That one megabyte limit has shaped Android API design in interesting ways. It's why you can't pass large bitmaps through Binder directly. You have to use shared memory through the ashmem driver or, in more recent versions, hardware buffers through the gralloc HAL. The system is designed around these constraints.
This is where the comparison to microservices actually becomes useful, but in a different way than Daniel was imagining. A microservices architecture and Android's internal architecture both solve the same problem, how do you decompose a complex system into communicating components. But they optimize for different things. Microservices optimize for independent deployability, fault isolation, and organizational scaling. Android's internal services optimize for latency, memory efficiency, and battery life. The trade-offs are completely different.
Let's talk about the other operating systems briefly, because Daniel asked about Linux and operating systems generally. On a typical Linux desktop, when you plug in a USB drive and the file manager pops up, that's D-Bus in action. The kernel detects the device and sends a uevent. Udev picks it up and emits a D-Bus signal. The file manager is listening for that signal and responds by mounting the drive and opening a window.
D-Bus is interesting because it actually has two layers. The low-level transport is a Unix domain socket, which is a kernel-level IPC mechanism that looks like a network socket but only works on the same machine. On top of that socket runs the D-Bus protocol, which is a binary protocol with its own message format, type system, and marshaling rules. And then there's a daemon, dbus-daemon, that routes messages between clients. It's a message bus, not a point-to-point RPC mechanism like Binder.
D-Bus is architecturally more like a publish-subscribe system. Services connect to the bus, they can emit signals that any interested client can receive, and they can expose methods that clients can call. It's closer to something like Apache Kafka than it is to HTTP, but shrunk down to the scale of a single machine.
MacOS and iOS use Mach messages, which are even more fundamental. Mach was a research microkernel from Carnegie Mellon, and its IPC mechanism is baked into the foundation of Apple's operating systems. In XNU, the kernel that powers macOS and iOS, Mach messages are the primitive that everything else is built on. When you make a system call in a Mach-based OS, it's often actually a Mach message sent to a kernel port.
Wait, so a syscall is an IPC? That's a wild design choice.
In a pure Mach system, almost everything is a message pass. The BSD subsystem that provides the POSIX system calls we're familiar with runs as a server process in Mach's original design. In XNU, they merged the BSD layer into the kernel for performance, but the Mach IPC substrate is still there at the bottom. So when an iOS app requests microphone access, it's not just one IPC mechanism at work. It's Mach messages at the kernel level, plus XPC at the framework level for communication with system daemons.
None of this is HTTP. None of it is REST. None of it is JSON.
The pattern is consistent across every major operating system. Specialized binary IPC protocols that make different trade-offs but share the same fundamental insight. When you control both endpoints and they're on the same physical machine, you can do much better than a network protocol designed for unreliable, high-latency, untrusted connections.

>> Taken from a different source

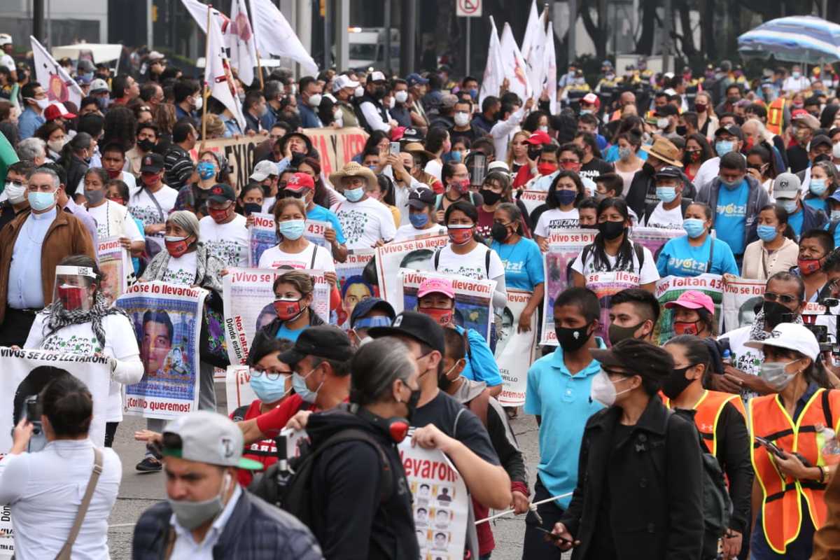 Padres de familia de los 43 normalistas de Ayotzinapa encabezan la movilización por el sexto aniversario de la desaparición de los estudiantes.

Let me bring this back to Daniel's specific phrasing, because I think there's something revealing about how he framed it. He said, even if you think about one API sending a request, formulating that request, testing it, webhooks, external APIs. And that list, formulating, testing, webhooks, that's the mental model of someone who builds and consumes web APIs professionally. And that model is correct for what he does. But it's the wrong model for what's happening inside a phone.

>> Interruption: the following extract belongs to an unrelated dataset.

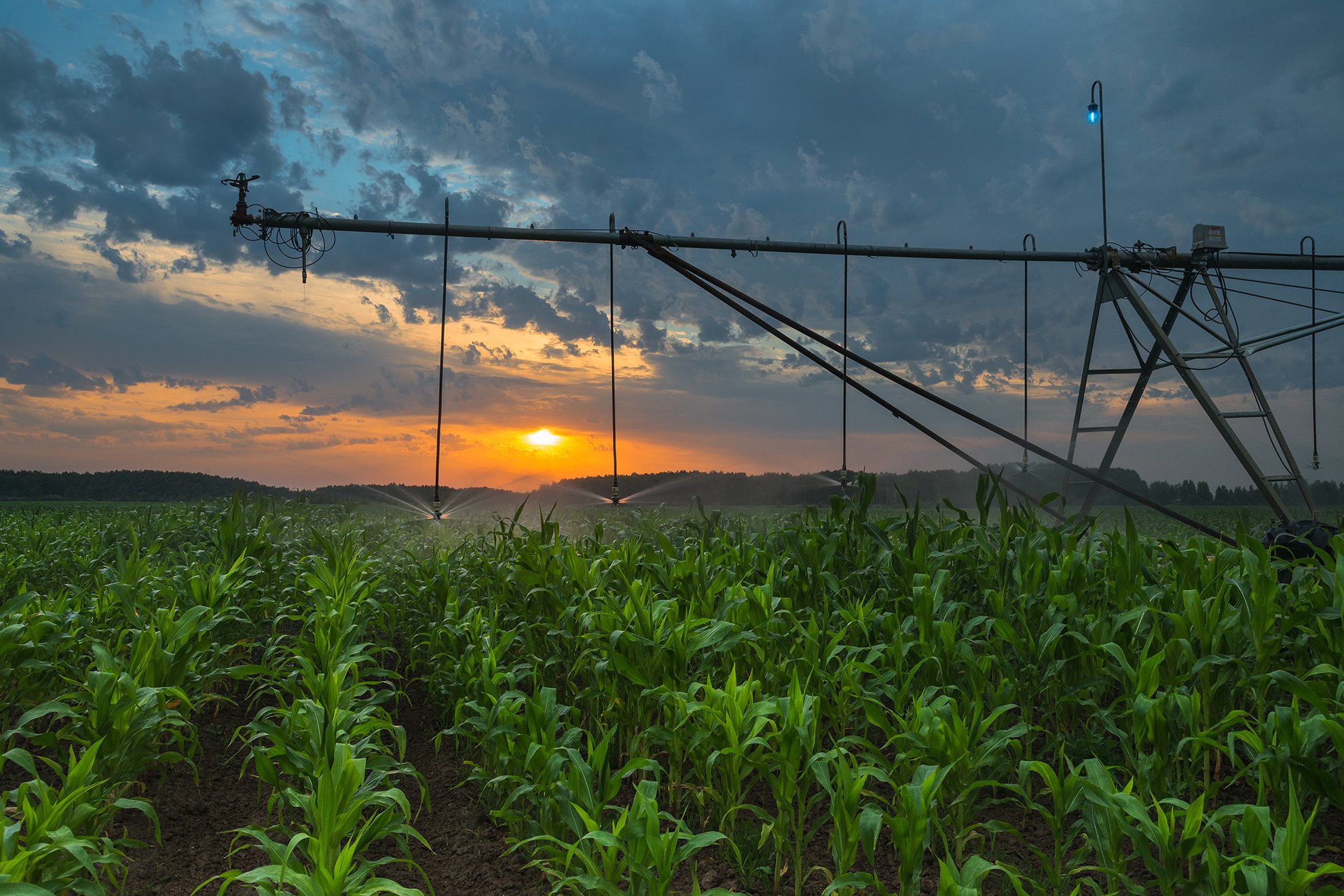 рассвет, солнце, поле, кукуруза, автополив, Алексей Чекалев

The formulation step, serializing data into a request, does exist in Binder, but it's compile-time generated code, not hand-written JSON serialization. The testing step, verifying the interface contract, exists but it's enforced by the VTS and CTS compatibility test suites at build time, not by runtime integration tests. And webhooks, the idea of an external service calling back to a URL you provide, that concept simply doesn't apply because there are no URLs. There are no webhooks inside a phone.
The callback mechanism in Android is a Binder object passed through a Binder transaction. It's a live reference to a remote interface, not a URL that gets pinged with an HTTP POST. The mental model is so different that using the same word, API, for both is almost misleading.

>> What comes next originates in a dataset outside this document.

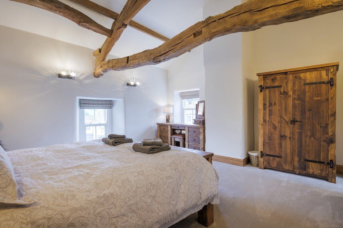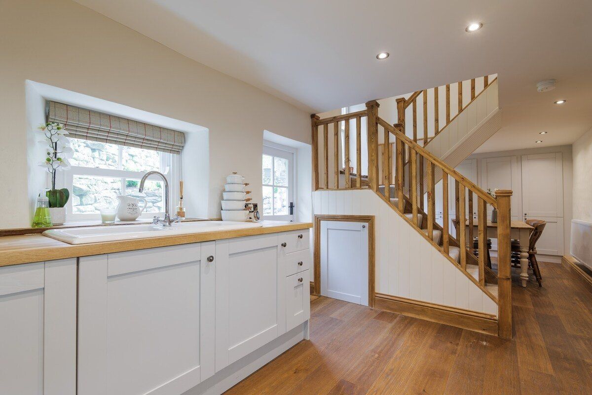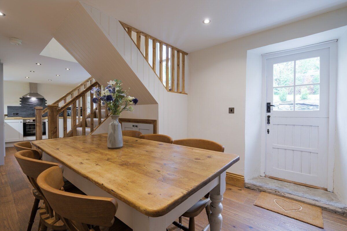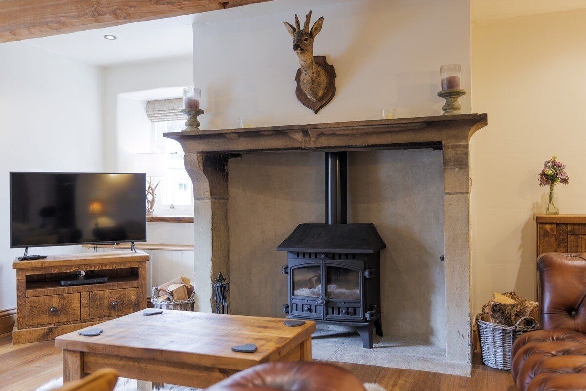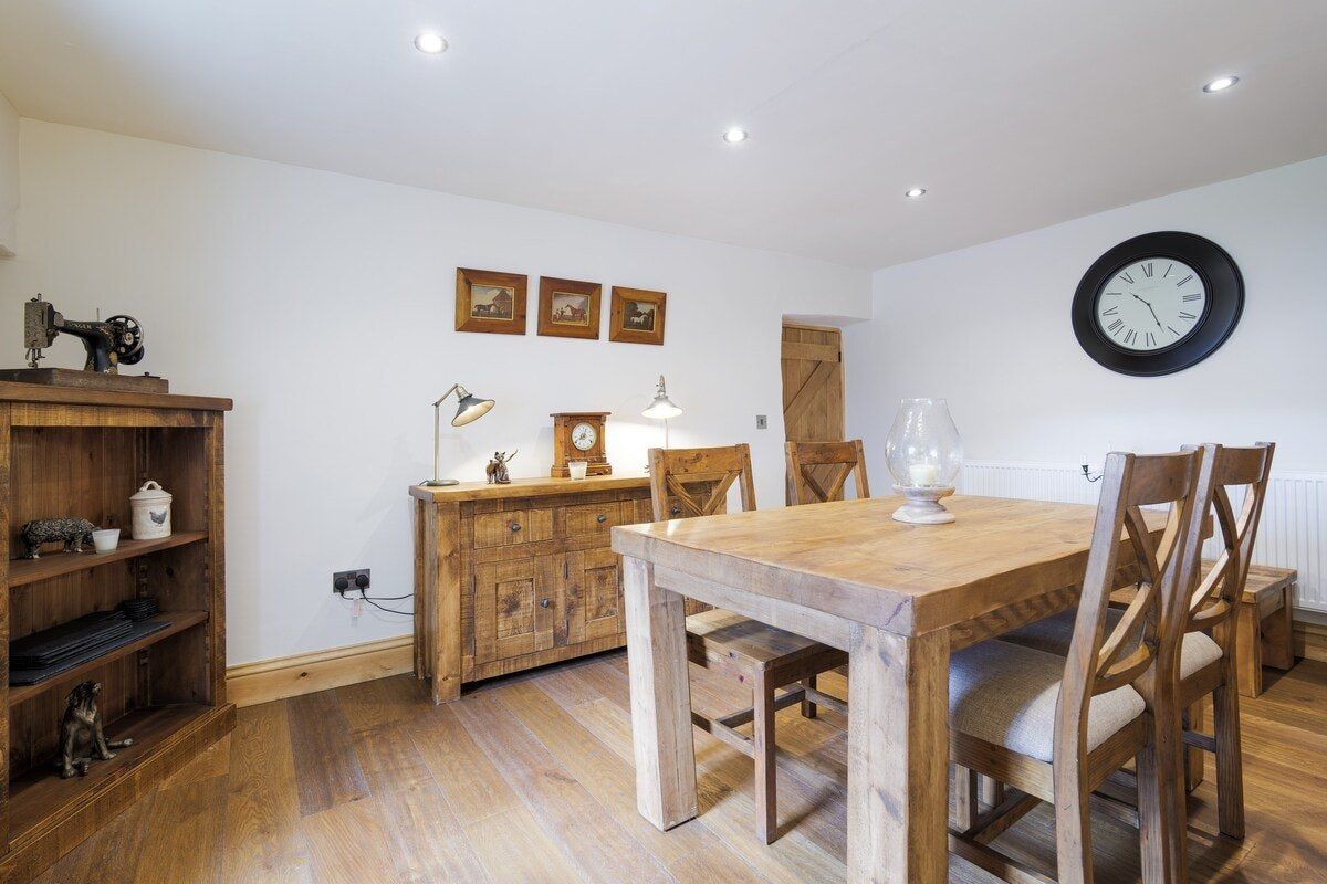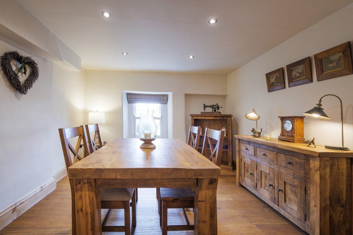 In the charming village of Austwick, this cosy cottage is the perfect retreat after a day exploring the Yorkshire Dales right on your doorstep. Perfectly located, you'll find more picturesque walking trails nearby than you can shake a hiking pole at (maps can be picked up within the village). Alternatively, jump in the car and reach White Scar Cave in less than fifteen minutes or visit the beautiful glacial lake of Malam Tarn, only 7-miles from home. Back inside, the original wooden beams and stone fireplace will soon have you feeling all warm and relaxed. Sink into a brown chesterfield sofa, cradle a cup of hot cocoa, and settle down for a delightful evening in front of the crackling log burning stove – we can think of nothing better after an adventurous day wandering the natural landscape. In warmer months, sprawl out into the back garden and enjoy a bottle of fizz while overlooking views of the Three Peaks area of the Yorkshire Dales National Park. As dinner time arrives, ensure you take the short five-minute drive down to The Courtyard Dairy, where you can taste local cheeses and sample their cakes and buns while enjoying a cup of tea or coffee. Return home with your top picks, and fix together a wine and cheese night in the country-style dining area. Or if you feel like handing over all catering duties during your stay, the cottage is next door to a traditional Yorkshire pub, while an award-winning hotel and restaurant is a short walk up the road.

Yet it's the correct word. An application programming interface is exactly what it is. It's an interface that an application programs against. The fact that we've come to associate API with REST over HTTP is a historical accident of the web's dominance. But the concept is much older and much broader.
I want to talk about one more thing that I think will resonate with Daniel. He's an open source developer. He's worked on Linux. And on Linux, the boundary between internal APIs and external APIs is blurry in a way that's different from Android or iOS. On a Linux system, you have proc filesystem, sysfs, device files, ioctl calls, netlink sockets, and a dozen other mechanisms for userspace to talk to the kernel and to system services. Some of these look like files you read and write. Some look like function calls. Some look like network sockets. It's a mess, but it's a glorious mess that reflects the organic evolution of the system over thirty years.
The proc filesystem is a perfect example of how weird internal APIs can get. You want to know the CPU temperature? You read a file at proc cpuinfo or sys class thermal. You want to set a kernel parameter? You write a string to a file in proc sys. These aren't really files. They're kernel interfaces that pretend to be files because the Unix philosophy says everything is a file. But behind the scenes, reading from proc cpuinfo triggers a kernel function that formats the current CPU state into a text string and copies it to your buffer. There's no persistent storage. No disk I/O. It's an API disguised as a filesystem.
Ioctl is even stranger. It stands for input output control. It's a single system call that takes a device file descriptor, a command number, and an optional pointer to arbitrary data. The command number encodes both the operation and the size and direction of the data. It's essentially a multiplexed RPC mechanism where the device driver is the server and the command number is the method selector. It's been in Unix since Version Seven in nineteen seventy-nine and it's still used everywhere.
If you've ever wondered why graphics drivers are so complex, ioctl is a big part of the answer. The Direct Rendering Manager subsystem in Linux uses ioctl calls for everything. Setting display modes, allocating framebuffers, submitting rendering commands. And each GPU vendor has its own set of ioctl commands on top of the standard ones. It's an internal API surface that's enormous, hardware-specific, and constantly evolving.
This is the world Daniel inhabits as a Linux user. It's not HTTP everywhere. It's files everywhere, except they're not real files, and ioctls everywhere, except they're not real function calls, and netlink sockets everywhere, except they're not real network connections. The conceptual clarity of REST APIs completely breaks down when you get inside an operating system.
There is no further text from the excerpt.